The steps needed to identify the most viable options, test them, and then build the capacity across end-to-end business processes are highly complex, and it will take years before a new equilibrium is reached. The process is certain to feature many battles between corporate leaders who want to look out for the interest of long-term investors, and the short-term-focused investors who will claim that the incremental investments are wasteful. The impending duel will not be pleasant to watch.
The New Economic Normal Is a Long Way Off
It takes time for business and society to settle into a new normal following a large-scale economic disruption.
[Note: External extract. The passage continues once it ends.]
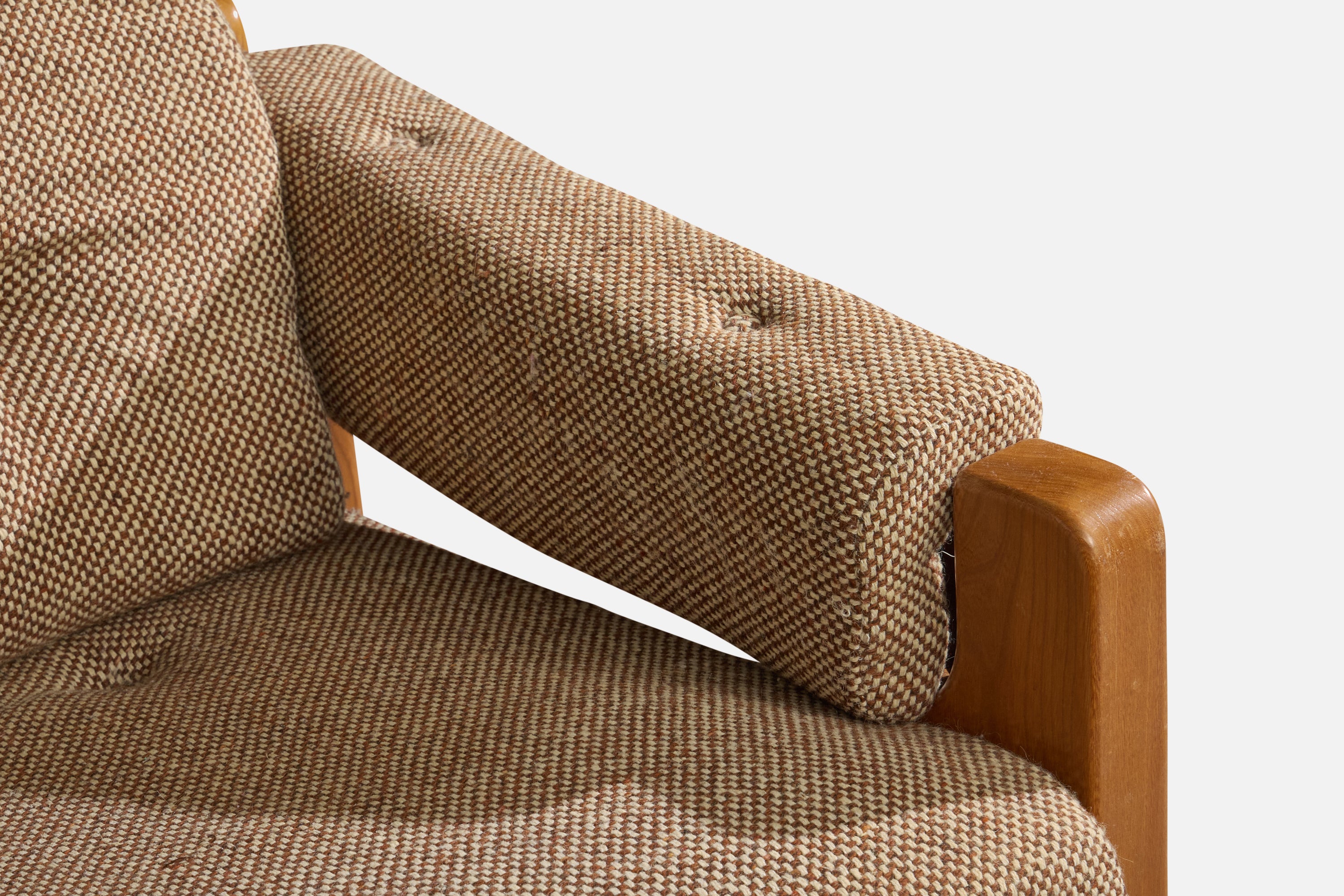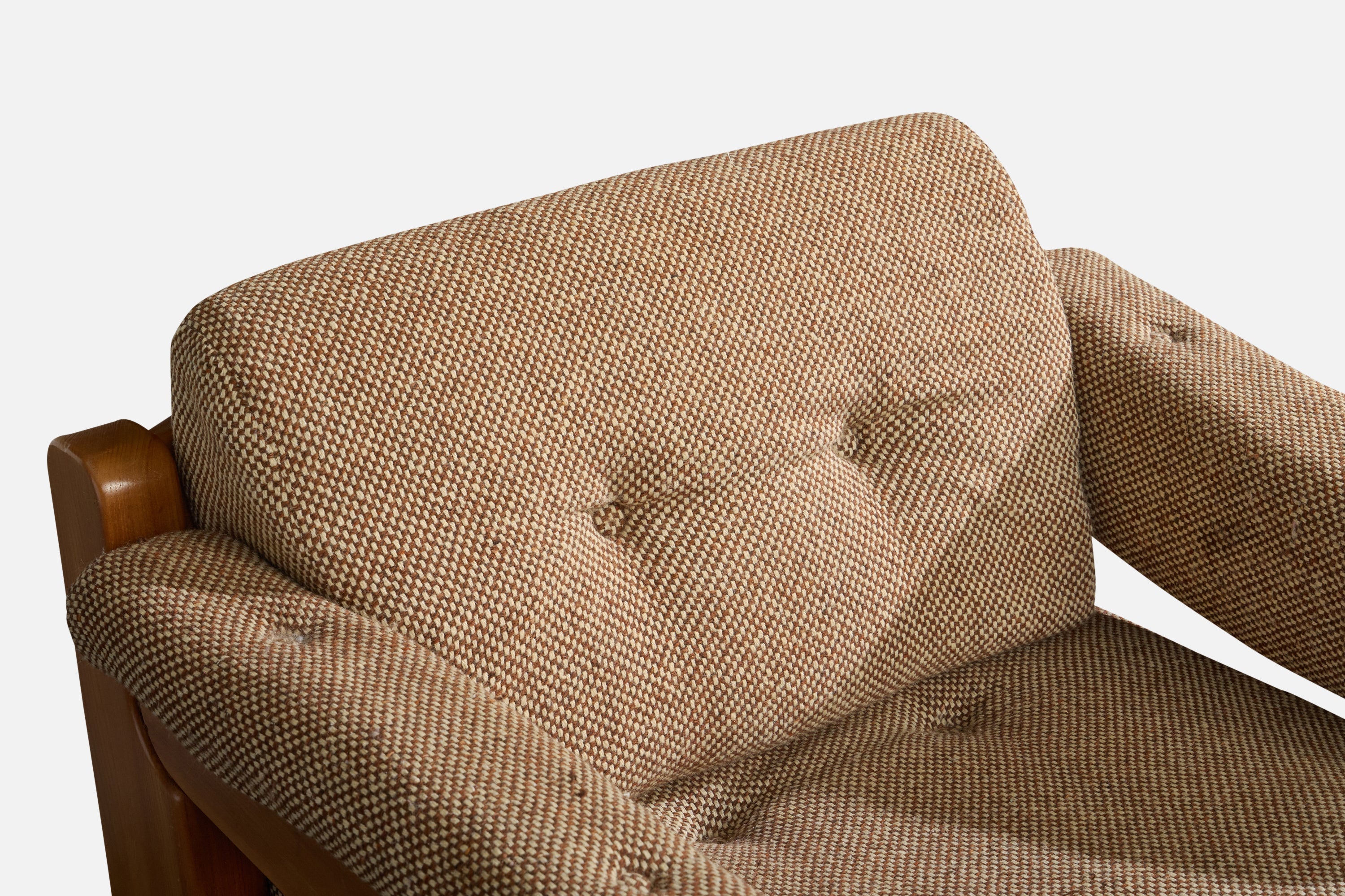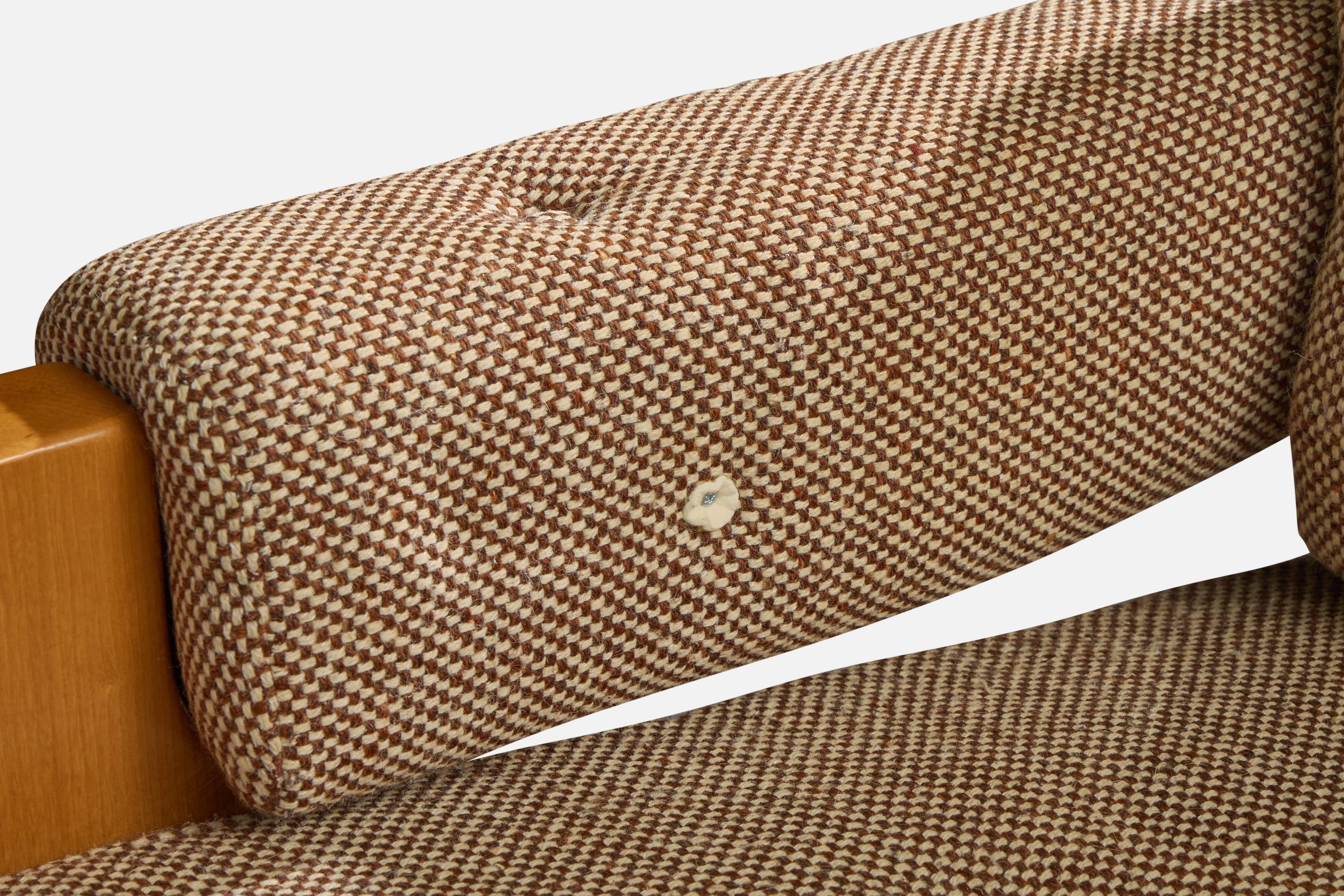 Arm cushions in minor distress reupholstery recommended. Wear consistent with age and use.

Even if the health care challenges from COVID-19 are solved before the end of this year, which seems highly unlikely, businesses will face many more months, and likely years, beyond the anticipated adjustment periods budgeted in their scenario planning and operations.
The shifts in consumer demand will require expansion in some industries and contraction in others. Future growth in consumer spending is likely to be slower than it has been for many years. Increased government regulation of gig and other nonregular work will require adaptation and changes in work practices. The disruptions in face-to-face work will be a drag on economic efficiency, leading to slower growth in revenues, lower profit margins, and reduced cash flow. And reconfiguring business models for greater resiliency will require significant investments of working capital into operations in ways that will not show any ROI until the next pandemic hits.
We will get to the new normal eventually. The corporate leaders who recognize these new challenges now and move quickly to adapt to them will put their companies in the best position to thrive throughout the 2020s.